On February 4, 2022, the Liberty waived Jones. She was claimed off waivers a few days later by the Indiana Fever but was waived on May 1, 2022. A month into the 2022 season on June 15, she was signed by the Connecticut Sun and played that day, recording 1 point and 1 assist in 11 minutes against the Atlanta Dream (winning the game 105 - 92). She was waived 9 days later on June 24. Two days later on June 26, she would sign the first of three 7-day contracts with the Sun and played 5 more games for them between June 26 and July 19.

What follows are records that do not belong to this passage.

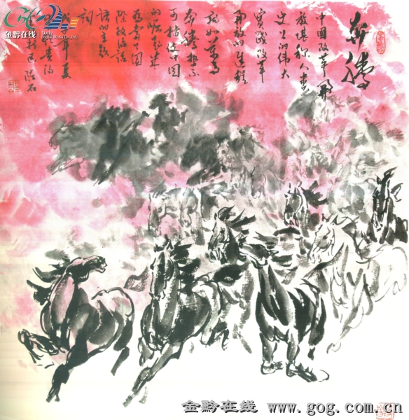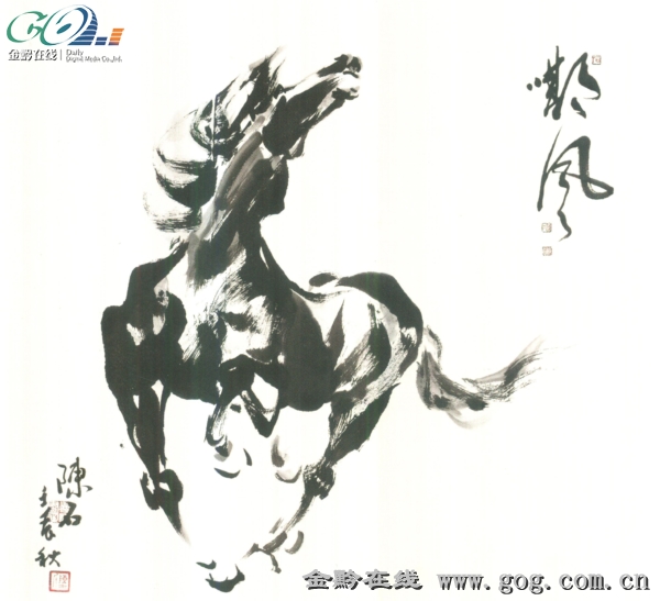 陳石的畫筆下描繪了大量的山水、人物,尤其是陳石畫的馬,形態(tài)萬(wàn)千出神入化,《奔馬》、《奮蹄》、《馳騁》、《汗馬嘶風(fēng)》等風(fēng)趨電疾的神駿氣吞萬(wàn)里;《凝目》、《思念》、《春風(fēng)》、《秋原》等畫作中的良驥從容徜徉,平和恬靜。動(dòng)中有和諧韻律,靜處有意境幽深。動(dòng)靜皆宜,各有異趣。文中這樣評(píng)價(jià),陳石以“馬”為主題的系列作品,運(yùn)用中國(guó)水墨為主要表現(xiàn)手段,參用了西方的透視法,構(gòu)圖大膽合理,用筆剛健有力,勾勒準(zhǔn)確生動(dòng),潑墨酣暢淋漓,是新時(shí)代新時(shí)期的馬。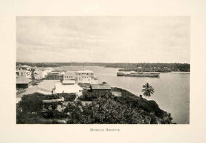 This is an original 1905 black and white halftone print of the harbor of the city of Mombasa which is located in the country of Kenya in eastern Africa. This major port city lies on the Indian Ocean.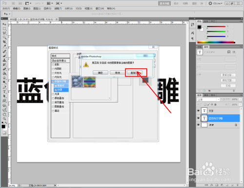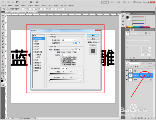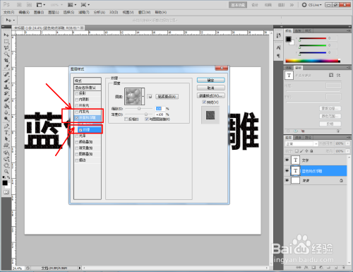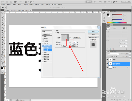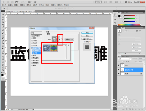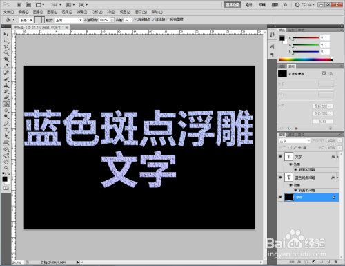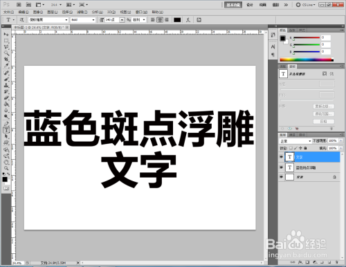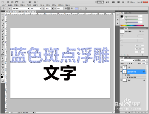 点击【文字东西】按图示设置好文字各参数后,完当作“蓝色黑点浮雕”和“文字”文字建造;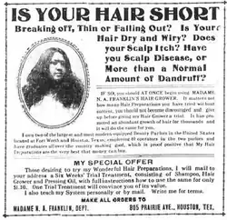 - ^ "Madame N.A. Frankling MFG. Co. Big Business Builders; Parlors Dot Both Sections". The Houston Informer. 30 June 1923. Retrieved 11 February 2016.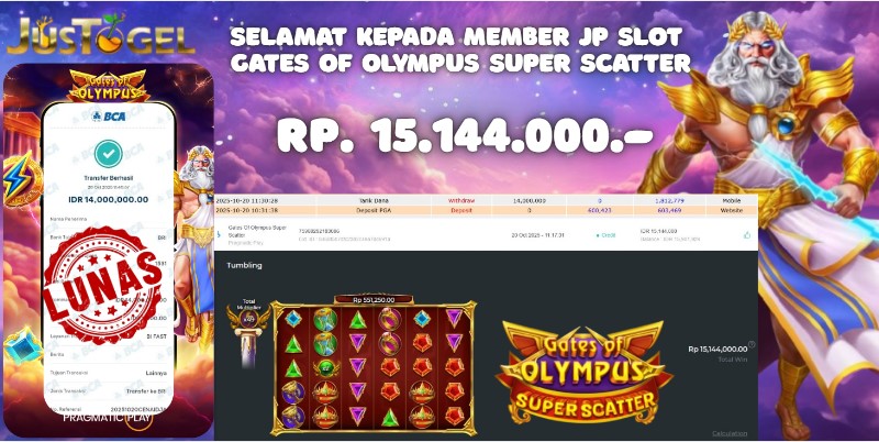 Selamat kepada User ID : JAW***RA Telah berhasil mendapatkan kemenangan besar pada Permainan JP SLOT GATES OF OLYMPUS SUPER SCATTER Dengan kemenangan Sebesar Rp 15.144.000,- Setelah mengisi formulir withdraw dengan kurung waktu hanya 5-10 menit pihak JUSTOGEL sudah melakukan transfer kepada pemilik User ID dan dana sudah dapat di cairkan oleh pemenang. Bukti pembayaran yang kami berikan merupakan bukti pembayaran yang SAH / VALID yang langung di dapatkan melaui tanda transfer transaksi dari Bank yang di tuju.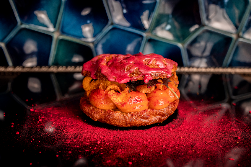 Tra le nuove proposte il Cruller tuberi e radici, ispirato da un churro dolce assaggiato durante un viaggio a New York, è una pasta choux vegana salata dove la parte grassa è stata sostituita con la patata, il ripieno è a base di cremoso di carote bbq, scapece di topinambur e carote, glassa alla barbabietola.

The Washington Mystics signed Jones on August 10, 2022, and she played one game for the team on August 14, recording 1 rebound and no other stats in 3 minutes of playing time. She finished the season with the team and signed to their training camp roster for the 2023 season on January 23, 2023.

==Career statistics==

===WNBA===
====Regular season====

| Year | Team | GP | GS | MPG | FG% | 3P% | FT% | RPG | APG | SPG | BPG | TO | PPG |
|---|---|---|---|---|---|---|---|---|---|---|---|---|---|
| 2020 | New York | 20 | 2 | 21.4 | .404 | .333 | .788 | 4.1 | 2.3 | 1.4 | 0.5 | 2.9 | 10.8 |
| 2021 | New York | 27 | 0 | 16.6 | .356 | .383 | .761 | 2.4 | 1.1 | 0.5 | 0.4 | 1.6 | 5.9 |
| 2022 | Connecticut | 7 | 0 | 6.3 | .286 | .000 | .400 | 0.1 | 0.1 | 0.3 | 0.0 | 0.4 | 0.9 |
| 2022 | Washington | 1 | 0 | 3.0 | .000 | .000 | .000 | 1.0 | 0.0 | 0.0 | 0.0 | 0.0 | 0.0 |
| Career | 3 years, 3 teams | 55 | 2 | 16.8 | .378 | .347 | .763 | 2.7 | 1.4 | 0.8 | 0.3 | 1.9 | 6.9 |

====Postseason====

| Year | Team | GP | GS | MPG | FG% | 3P% | FT% | RPG | APG | SPG | BPG | TO | PPG |
|---|---|---|---|---|---|---|---|---|---|---|---|---|---|
| 2021 | New York | 1 | 0 | 3.0 | .000 | .000 | .000 | 0.0 | 0.0 | 0.0 | 0.0 | 0.0 | 0.0 |
| Career | 1 year, 1 team | 1 | 0 | 3.0 | .000 | .000 | .000 | 0.0 | 0.0 | 0.0 | 0.0 | 0.0 | 0.0 |

=== College ===

| Year | Team | GP | GS | MPG | FG% | 3P% | FT% | RPG | APG | SPG | BPG | TO | PPG |
| 2016–17 | Louisville | 37 | 1 | 15.1 | 46.6 | 0.0 | 65.9 | 2.6 | 1.0 | 0.7 | 0.1 | 1.2 | 4.5 |
| 2017–18 | Louisville | 39 | 39 | 26.8 | 52.5 | 22.2 | 73.2 | 4.6 | 2.3 | 1.5 | 0.2 | 2.0 | 8.9 |
| 2018–19 | Louisville | 36 | 36 | 23.3 | 52.0 | 26.9 | 64.4 | 4.6 | 2.5 | 1.1 | 0.5 | 1.6 | 7.6 |
| 2019–20 | Louisville | 32 | 31 | 29.5 | 53.9 | 37.8 | 76.3 | 5.0 | 3.4 | 1.5 | 0.3 | 2.3 | 14.1 |
| Career |  | 144 | 107 | 23.5 | 52.0 | 31.3 | 71.4 | 4.2 | 2.3 | 1.2 | 0.3 | 1.7 | 8.6 |
Statistics retrieved from Sports-Reference.

==Club honors==
===Panathinaikos===
- 1× Greek Cup Winner: 2024

==Personal life==
Jones is the daughter of Reginald and Felicia Jones. Her father played football at Florida A&M. Her brother Reginald Jr. played football at Florida International University while sister GiGi played basketball at Appalachian State and Jacksonville.